午前に引き続いて質問をさせていただきます。
午前の連合審査における答弁におきまして、宗教法人は、信教の自由として、宗教的結社の自由に加え、宗教的行為の自由などへの配慮も求められることから、会社や弁護士法人などと同列に論じられるものではない、こういったことが示されました。
また、会社法等の財産保全の実例は、これまでの審議でも出ておりますとおり、これまで一件も把握されておりません。宗教法人法の解散命令請求では、会社法における担保措置なども外されております。
こういった中で、仮に立憲、維新案が成立したとしても、裁判所が適用違憲にならないような管理命令を出すためには、相当詳細な疎明を求めることになると思われます。旧統一教会側も、憲法適合性を含め、保全処分の発令に慎重になるべきだという主張をしてくるものと思われます。
さらに、報道などによりますと、旧統一教会の資産は一千億円程度、不動産に限っても、松濤の教団本部という動かしにくい施設を始め、百億円程度の不動産を所有しているとされております。
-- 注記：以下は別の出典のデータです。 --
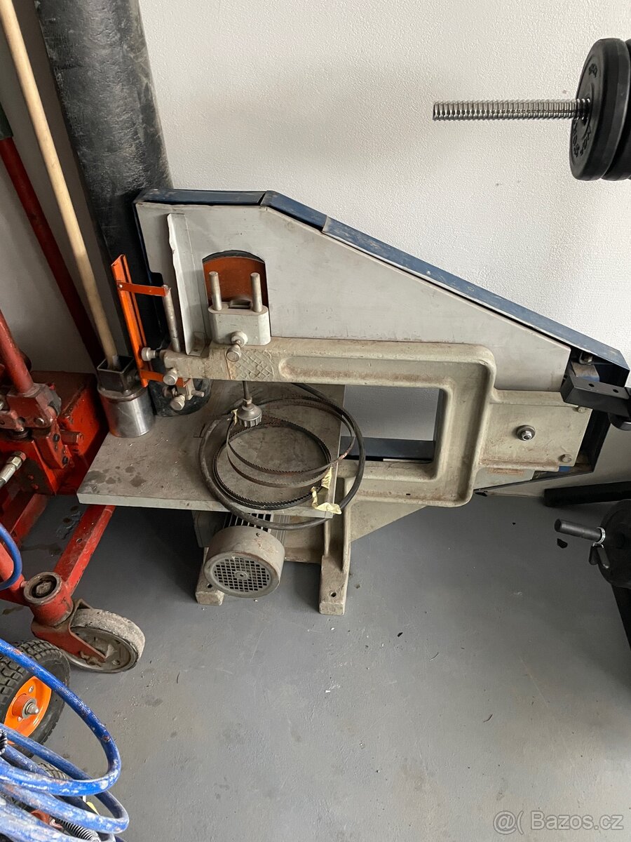 Pila má nově pogumovaná kola. Pila je funkční ale nemá zásuvkovou hlavici a nemohu vyzkoušet. Dříve používaná, ale teď nemám 3f zásuvku. Před pogumováním mi praskal pás. Vyměnil jsem ložiska i lícované šrouby. V krytu je otvor na vysavač.

一方で、係属中の民事訴訟は僅か数件、保全を行っているものも把握されていない。
こういった事情を基にした主張を旧統一教会側が裁判所で展開してきた場合、裁判所が果たして包括保全処分を出せるのか。包括保全、包括保全といっても、実務の適用場面において、包括保全を前提とした実効性が果たしてどこまであるのかと懸念があります。
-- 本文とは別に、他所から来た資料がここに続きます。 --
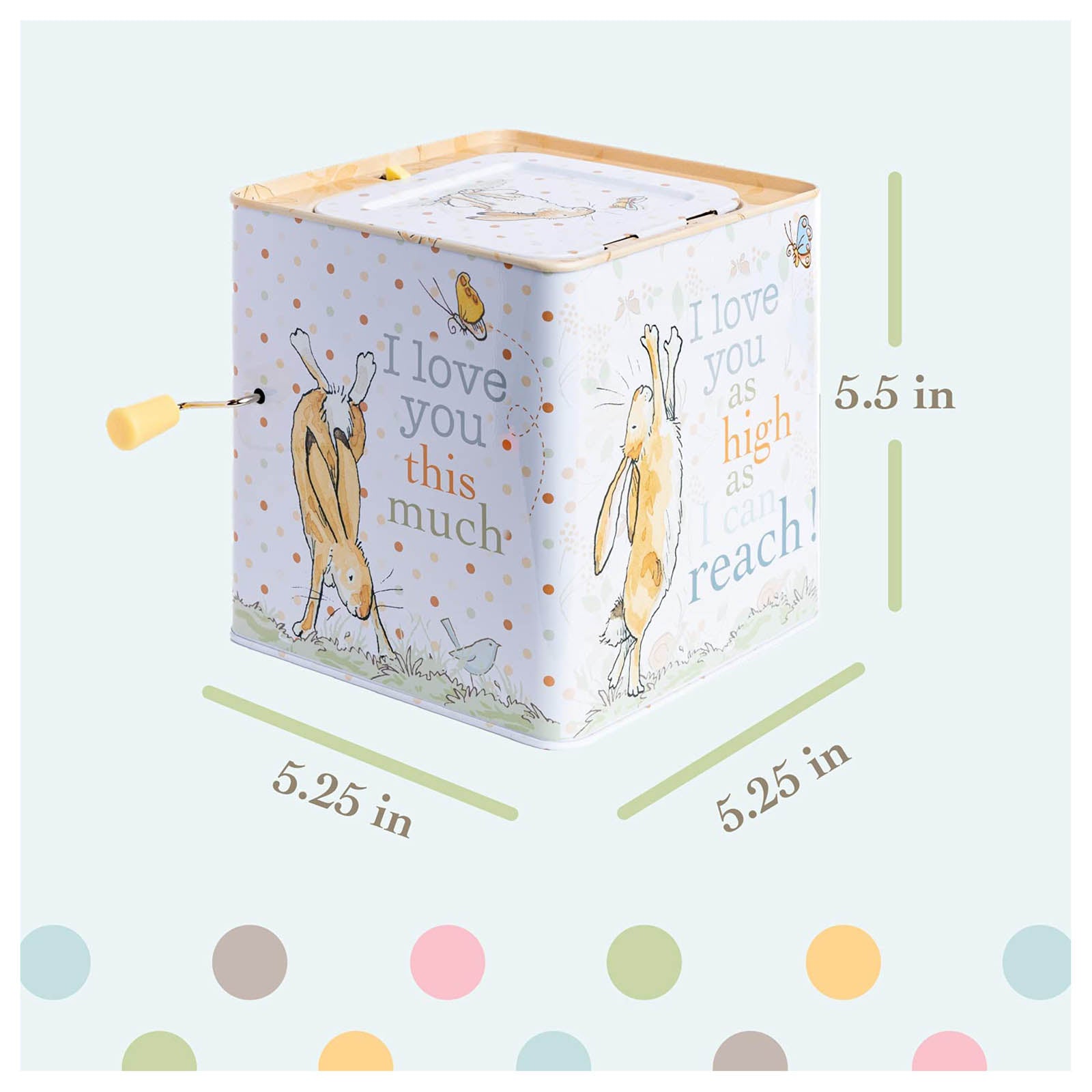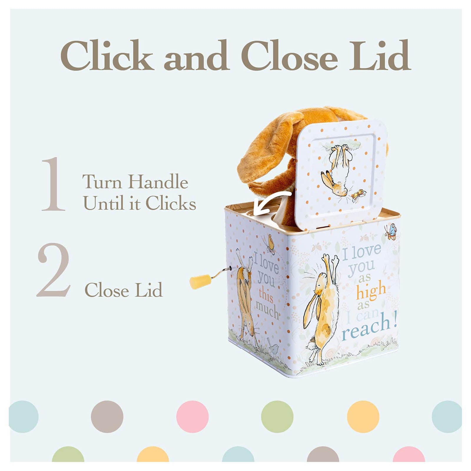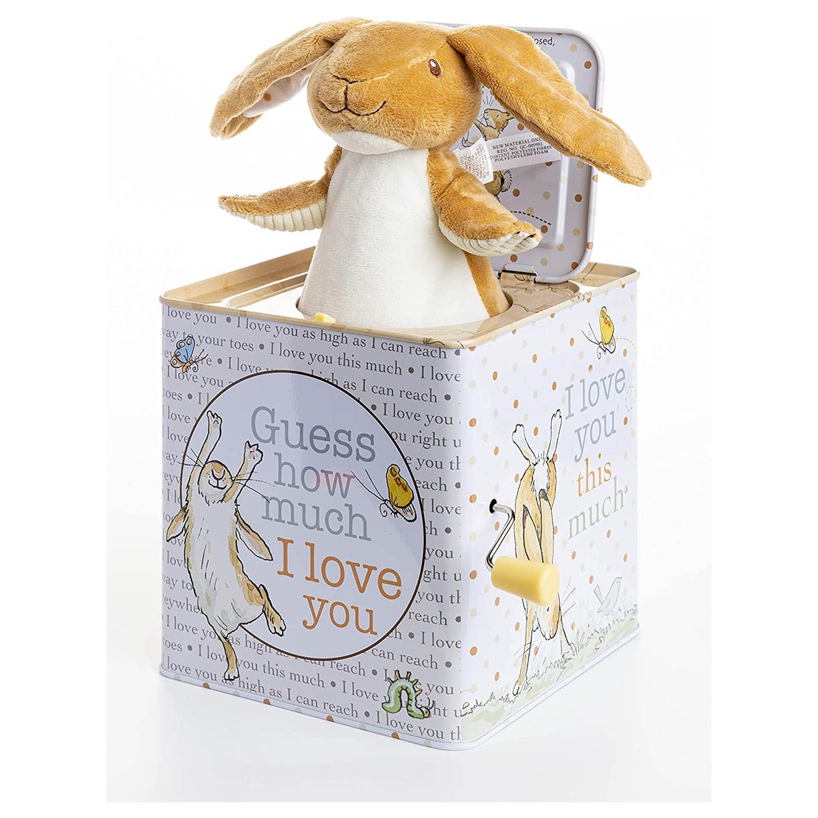 This is your classic jack in the box with the traditional music but Guess How Much I Love You themed!

だからこそ、自公国案では、これまで使われてきた、実務が確立している民事手続を十分に機能させることによって、より確実な被害者救済を図ろうとしております。
その上で、自民、公明、国民案の提出者としても、この審議の中でありましたとおり、どうすれば少しでも被害者救済につながっていくのかという、これは当然考えていかないといけないことでありますし、この審議、また関係者からのヒアリング、様々なものを踏まえて、検討、協議を重ねてきたものと思います。
このことにつきましては後ほどお伺いすることといたしまして、まず、財務省にお伺いをいたします。
旧統一教会の被害者救済について、財務省としては、現行法上の制度を活用して、どのようなことに取り組むのか、答弁を求めます。